LLM Narrative Generation

Updated 22 January 2026

LLM-based narrative generation is a technique that leverages transformer models to structure, control, and produce narratives in interactive multi-agent environments.
It employs a systematic pipeline including scene serialization, metadata tagging, and rigorous prompt protocols to ensure coherent, executable agent plans.
Evaluations show that careful prompt design and hybrid neuro-symbolic methods enhance scalability, reliability, and real-time performance in narrative generation systems.

LLM-based narrative generation refers to the use of transformer-based LLMs to produce, structure, and control the content, structure, and style of stories or agent-based scenes. The past several years have seen rapid maturation of narrative generation pipelines that employ LLMs in roles ranging from direct text generation, collaborative writing agents, plan-and-write hybrids with neuro-symbolic scaffolding, and virtual agent behavior scripting. These frameworks systematically integrate LLMs into authoring pipelines, structuring agent metadata, prompt engineering, iterative refinement, and scene-to-action mapping. Contemporary research demonstrates that robust pipelines, careful prompt protocols, and hybrid neuro-symbolic or multi-agent designs can enable reliable, high-level translation from narrative or scene intent into structured, executable, and engaging multi-agent behaviors or rich stories in a variety of settings (Regmi et al., 23 Dec 2025).

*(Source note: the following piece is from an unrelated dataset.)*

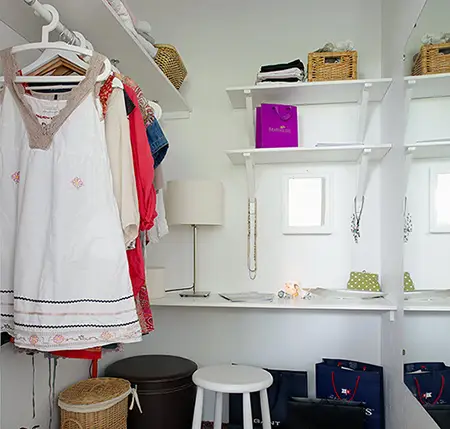 Фото 6 — Площа гардеробної дозволила не лише розмістити в ниші одяг, а й обладнати маленький туалетний столик для господині

1. Scene Encoding, Metadata, and Serialization

State-of-the-art LLM-based narrative systems encode scenes as structured metadata over agents and objects. Each agent $A_i$ is tagged using a SelfExplainer structure storing a tuple: $(\text{ID}, \text{Name}, \text{Position}, \{\text{Semantic Tags}\})$ . Objects $O_j$ are similarly wrapped with an InteractableObjectExplainer tuple: $(\text{ID}, \text{Name}, \text{Position}, \text{IsGrabbable}, \text{IsStationary}, \text{IsStationaryCompatible}, \text{IsBasicInteraction}, \{\text{Semantic Tags}\})$ . This formalizes every entity’s identity, role, spatial data, affordances, and semantic descriptors. The resulting agent/object schema (6- or 7-tuples) is traversed by a SceneSerializer, which iterates through the entities to produce a plain-language prompt. Lines are concatenated by type:

Actors:
Name: Guy   ID: A_1   Tags: male, college student…   Position: (–0.36, 0.11, –6.12)
Interactable Objects:
Object ID: Obj_5   Name: Chair   Is Grabbable: No  Is Stationary: Yes…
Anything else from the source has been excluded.